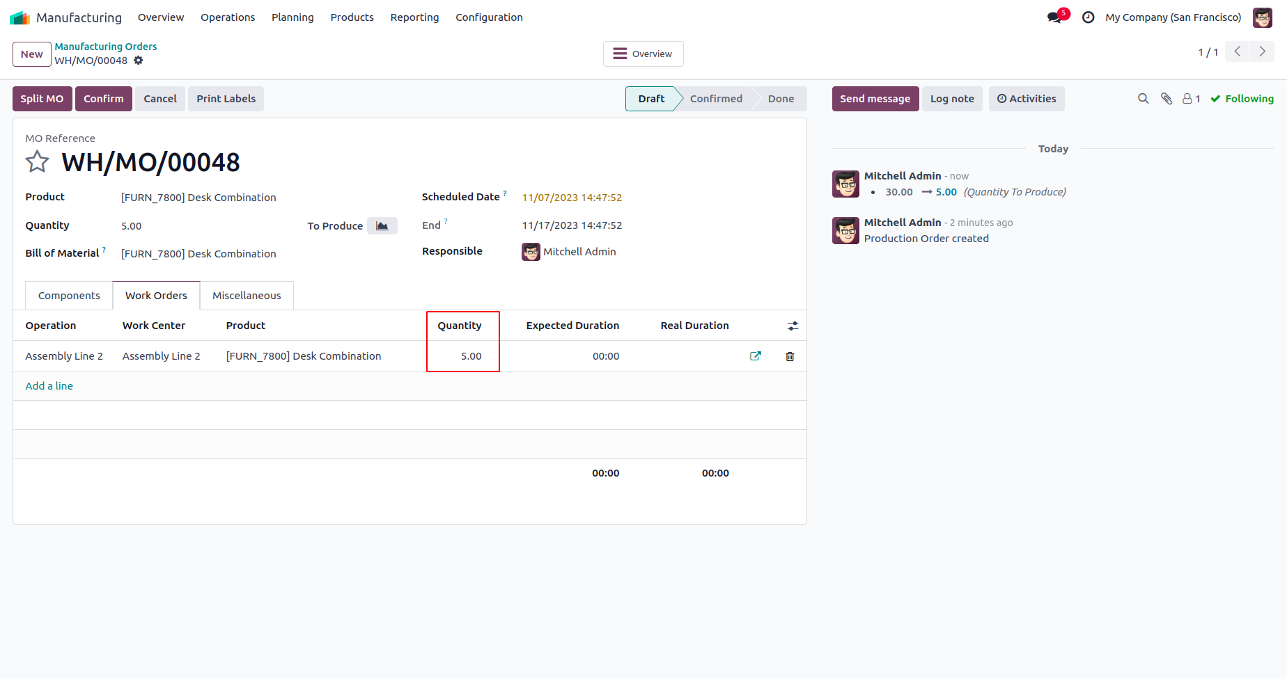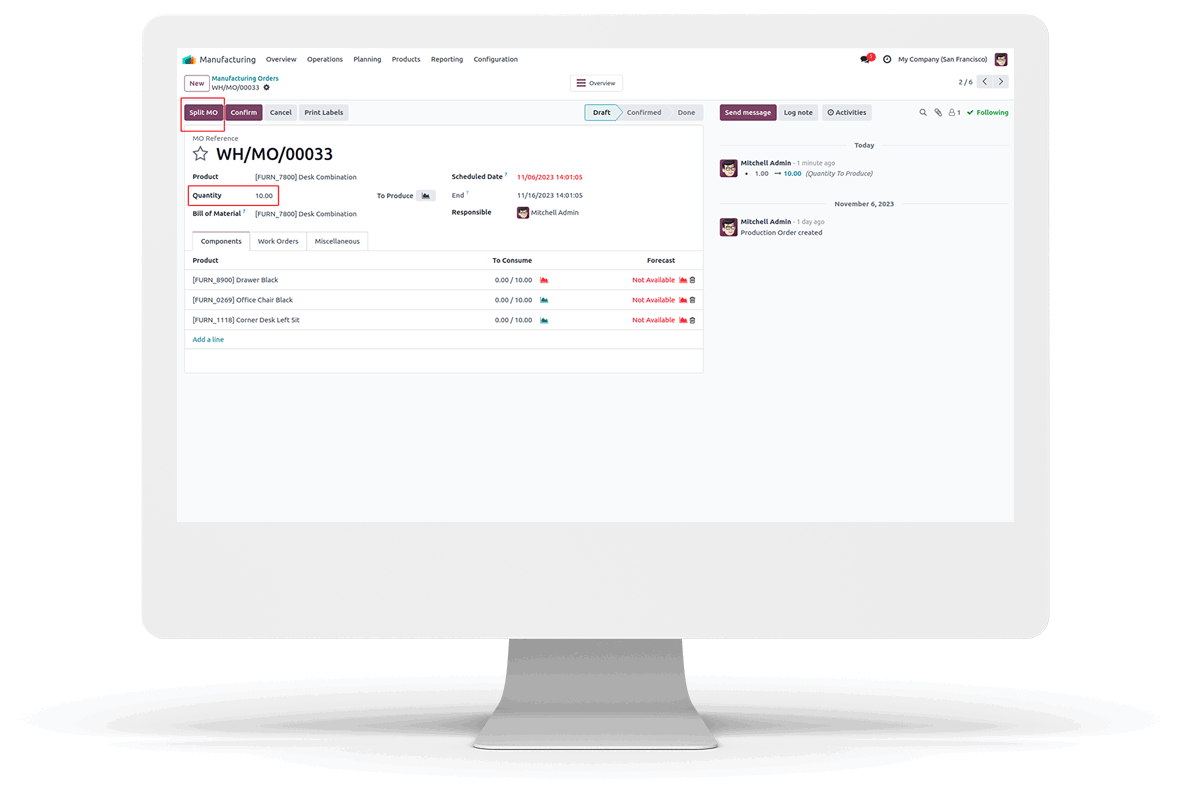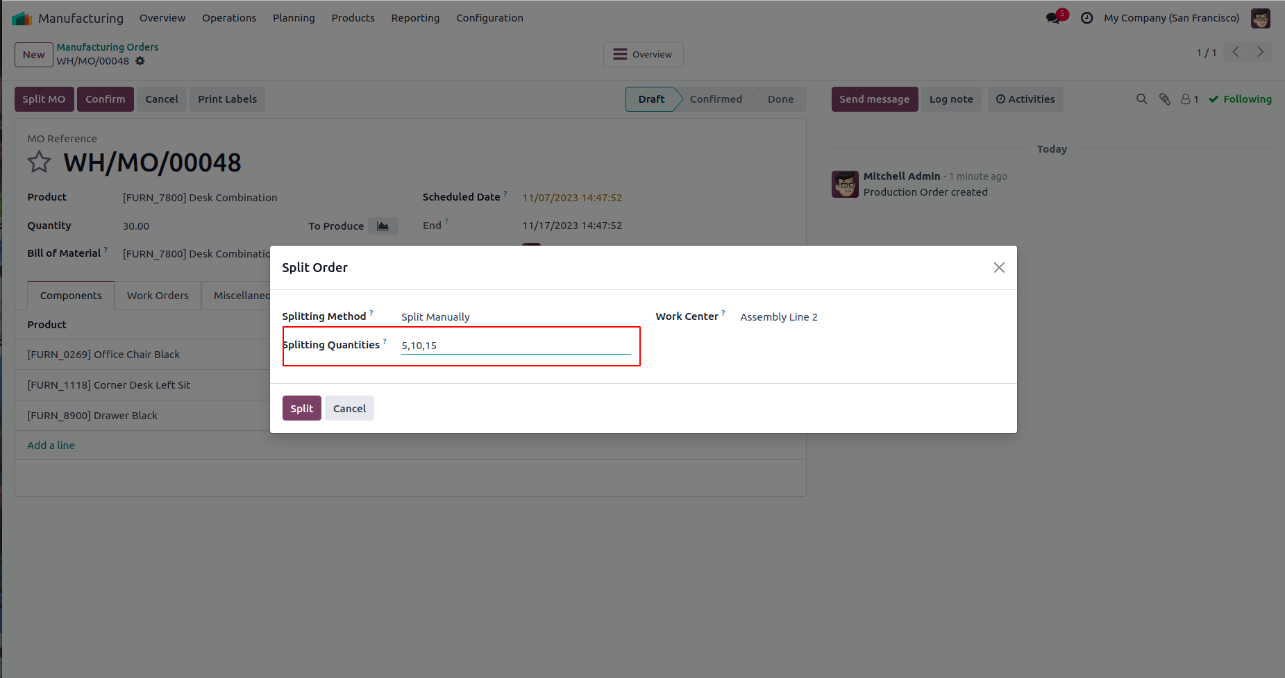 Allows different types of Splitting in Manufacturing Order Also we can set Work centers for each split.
...
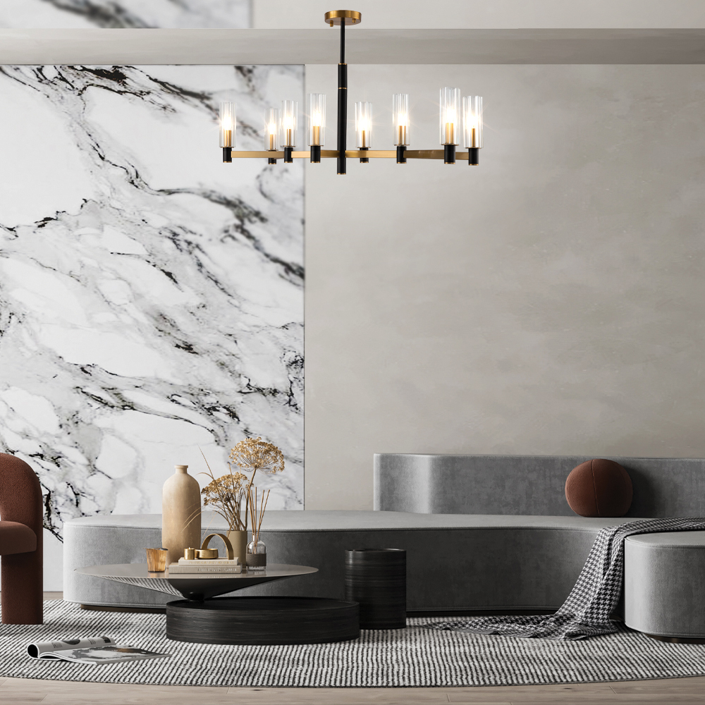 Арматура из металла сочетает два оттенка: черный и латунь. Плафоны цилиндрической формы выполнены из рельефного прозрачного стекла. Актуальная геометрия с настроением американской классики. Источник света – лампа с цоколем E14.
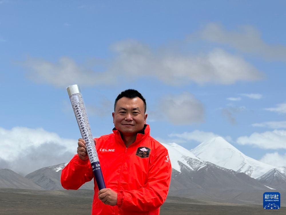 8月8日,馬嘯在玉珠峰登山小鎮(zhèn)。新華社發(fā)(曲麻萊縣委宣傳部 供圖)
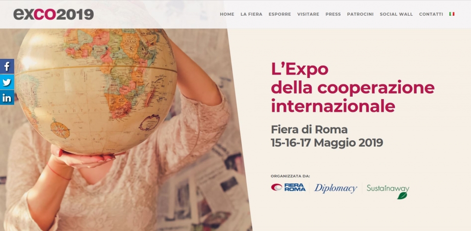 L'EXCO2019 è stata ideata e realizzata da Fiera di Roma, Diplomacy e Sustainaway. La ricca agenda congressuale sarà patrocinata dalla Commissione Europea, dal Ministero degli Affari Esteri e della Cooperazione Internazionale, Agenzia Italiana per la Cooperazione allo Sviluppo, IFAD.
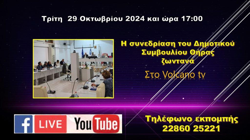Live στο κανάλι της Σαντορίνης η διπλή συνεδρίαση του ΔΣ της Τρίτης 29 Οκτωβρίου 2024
...
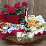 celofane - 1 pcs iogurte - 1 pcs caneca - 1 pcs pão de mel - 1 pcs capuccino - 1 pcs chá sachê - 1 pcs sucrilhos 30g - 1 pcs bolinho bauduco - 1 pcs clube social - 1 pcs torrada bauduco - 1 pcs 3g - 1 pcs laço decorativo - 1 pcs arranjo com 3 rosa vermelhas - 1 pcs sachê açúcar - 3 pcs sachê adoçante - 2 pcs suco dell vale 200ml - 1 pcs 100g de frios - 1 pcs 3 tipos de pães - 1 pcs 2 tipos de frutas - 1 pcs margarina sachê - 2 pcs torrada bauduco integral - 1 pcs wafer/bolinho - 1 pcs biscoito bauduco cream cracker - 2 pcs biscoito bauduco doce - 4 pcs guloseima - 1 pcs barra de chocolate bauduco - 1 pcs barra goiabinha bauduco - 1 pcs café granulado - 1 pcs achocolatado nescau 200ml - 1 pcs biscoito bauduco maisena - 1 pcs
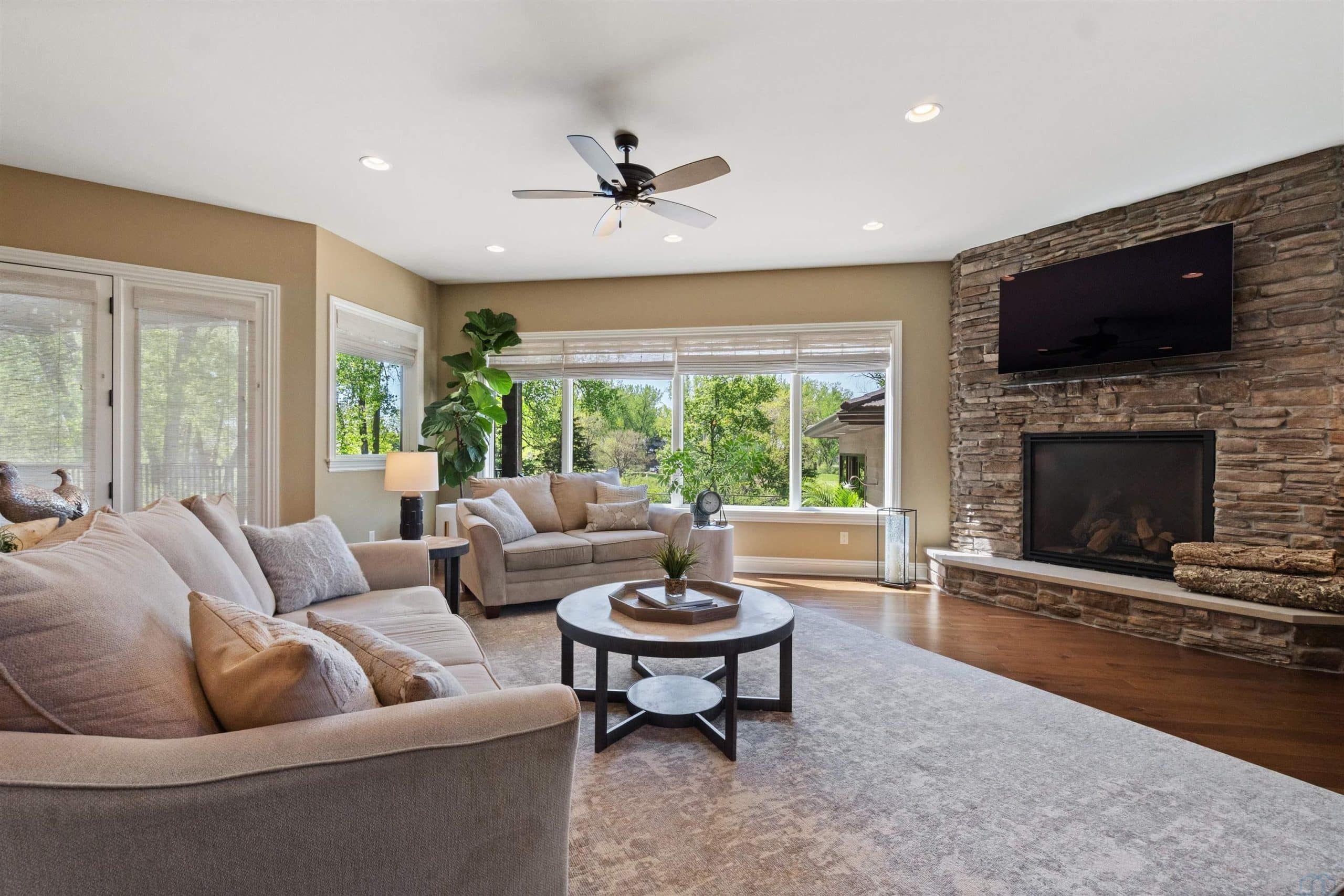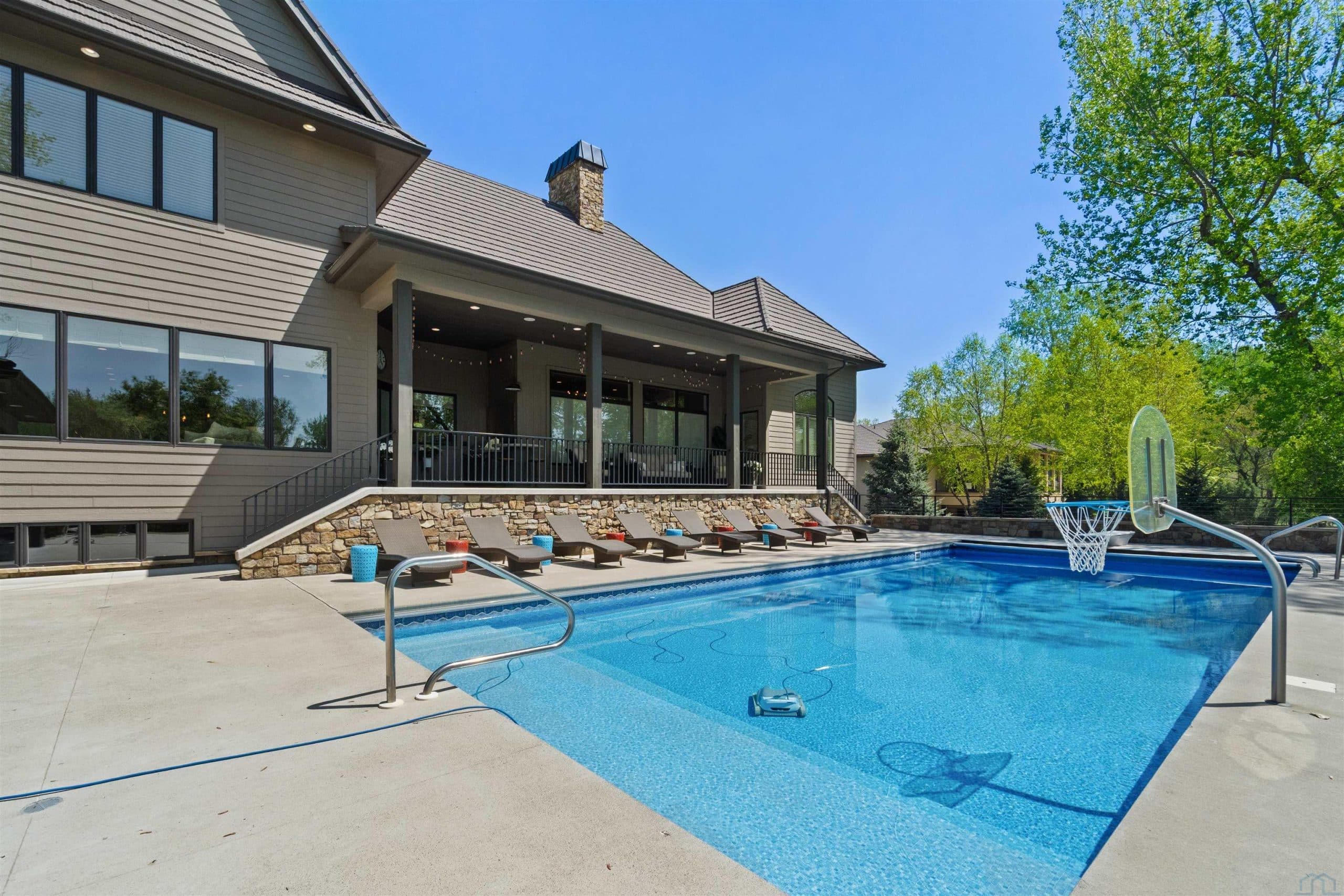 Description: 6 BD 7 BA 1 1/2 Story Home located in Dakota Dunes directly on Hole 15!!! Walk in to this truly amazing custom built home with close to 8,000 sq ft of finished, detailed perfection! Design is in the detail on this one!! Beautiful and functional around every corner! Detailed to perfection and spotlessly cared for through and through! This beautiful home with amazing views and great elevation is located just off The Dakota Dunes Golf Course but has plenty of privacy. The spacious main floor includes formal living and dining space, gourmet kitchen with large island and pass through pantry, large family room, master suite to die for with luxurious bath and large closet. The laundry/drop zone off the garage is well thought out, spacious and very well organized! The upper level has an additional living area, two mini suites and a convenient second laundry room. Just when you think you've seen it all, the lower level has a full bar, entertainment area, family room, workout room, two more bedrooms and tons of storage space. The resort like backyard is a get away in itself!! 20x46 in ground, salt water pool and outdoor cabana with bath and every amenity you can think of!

TASK REQUIREMENTS: Print the part of the listing above that opens with the line containing "L'EXCO2019 è stata" and closes with the line containing "Live στο κανάλι". Copy it exactly, both ends included, and omit the pictures.

RESPONSE TO THIS EXERCISE:
 L'EXCO2019 è stata ideata e realizzata da Fiera di Roma, Diplomacy e Sustainaway. La ricca agenda congressuale sarà patrocinata dalla Commissione Europea, dal Ministero degli Affari Esteri e della Cooperazione Internazionale, Agenzia Italiana per la Cooperazione allo Sviluppo, IFAD.
Live στο κανάλι της Σαντορίνης η διπλή συνεδρίαση του ΔΣ της Τρίτης 29 Οκτωβρίου 2024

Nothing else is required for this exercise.